Il continue en enchaînant des gestes pour désigner les éventuels coupables :
– « C’est vous ? Ou alors Vous là haut ? Ou bien vous ? Bon, alors c’est vous, j’ai décidé que vous étiez le coupable . Sortez ! ».
Il montre du bout de son épée la sortie et reprend :
– « Sortez ! Sortez tout de suite ! J’attends ! D’ailleurs, tout le monde attend ! Allez, sortez ! La comédie a assez durée ».

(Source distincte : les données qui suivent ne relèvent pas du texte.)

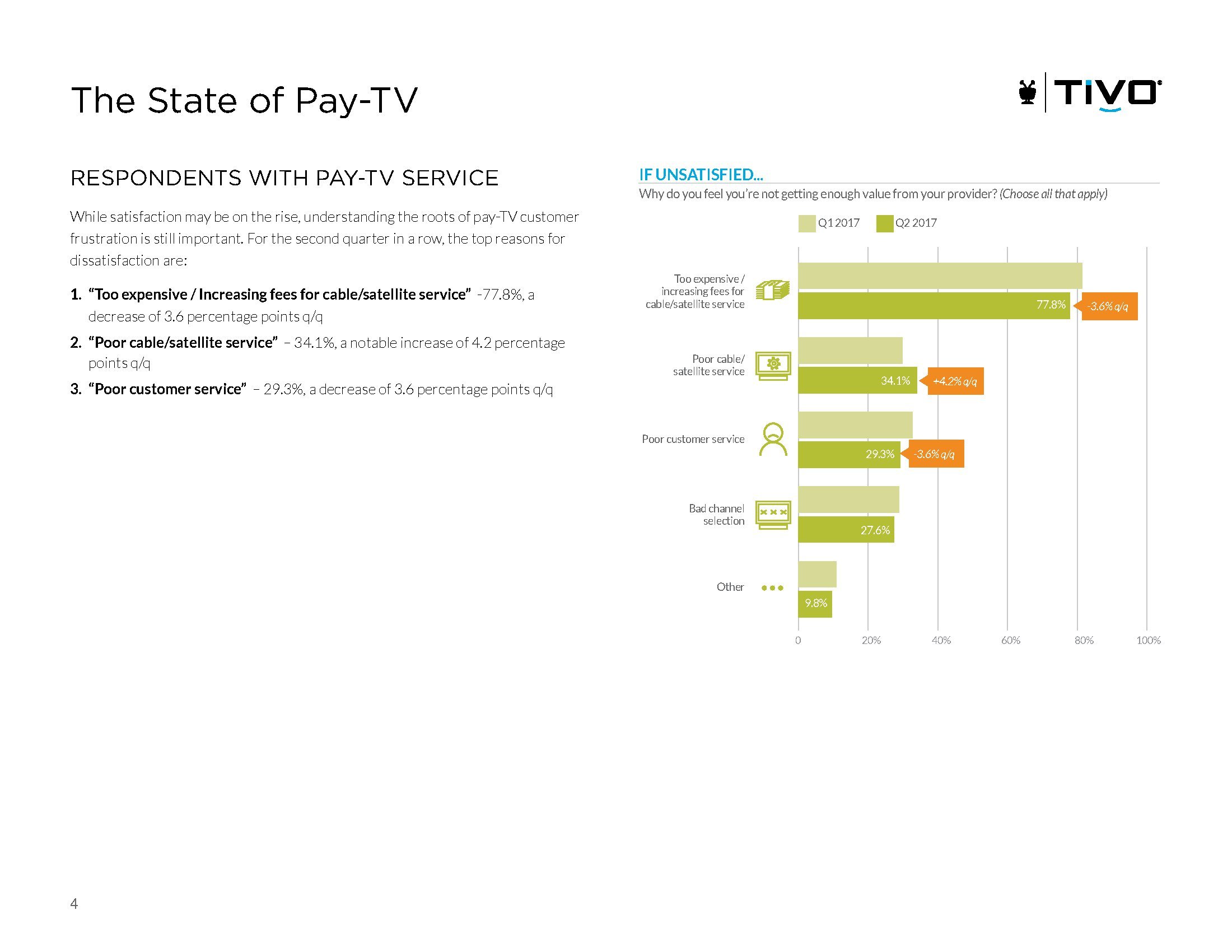 在收看付费电视的观众中,近半数使用的是每月$51-100的服务(47.5%),还有1/3使用的是每月$101以上的服务(36.2%)。半数消费者(52.9%)对当前的付费电视感到满意,还有1/3的消费者非常满意(31.2%)。不满意的原因包括,太贵或涨价(77.8%);糟糕的服务(34.1%);以及客户服务很差(29.3%)。

Un instant de silence et il continu :
– « Ok, si c’est pas vous, c’est lui. Oui, oui, oui, en fait, c’est tous les deux ! Vous êtes son complice ! Je vous ai condamné ! Messieurs les chevaliers, faites-les sortir. Qu’ils sortent ! ».
Il s’arrête pour un cours instant et hausse la voix à nouveau :
– « Allez, qu’ils sortent ! Ou alors, c’est moi…. Quoi, vous ne voulez pas que je parte ? ».
SCENE VIII
L’acteur se trouve au milieu de la scénette et enchaîne :
– « Et bien oui, vous me reconnaissez maintenant, c’est bien moi le comédien. Mais le temps qui m’était imparti est expiré. Déçu ou pas, je dois m’en aller. Et pour le rappel, cette fois-ci, vous pouvez le mettre aux oubliettes, j’ai garé mon carrosse à l’entrée des artistes et je ne voudrais pas me prendre une amende car je n’ai pas mis de supplément dans le parcmètres.
Mais avant de démonter le décor, ranger les accessoires et les toges dans leur malle, je vous promets de revenir prochainement avec l’atelier Baladins pour vous présenter d’autres pièces ».
Il souffle sur les bougies pour éteindre la scénette et sort.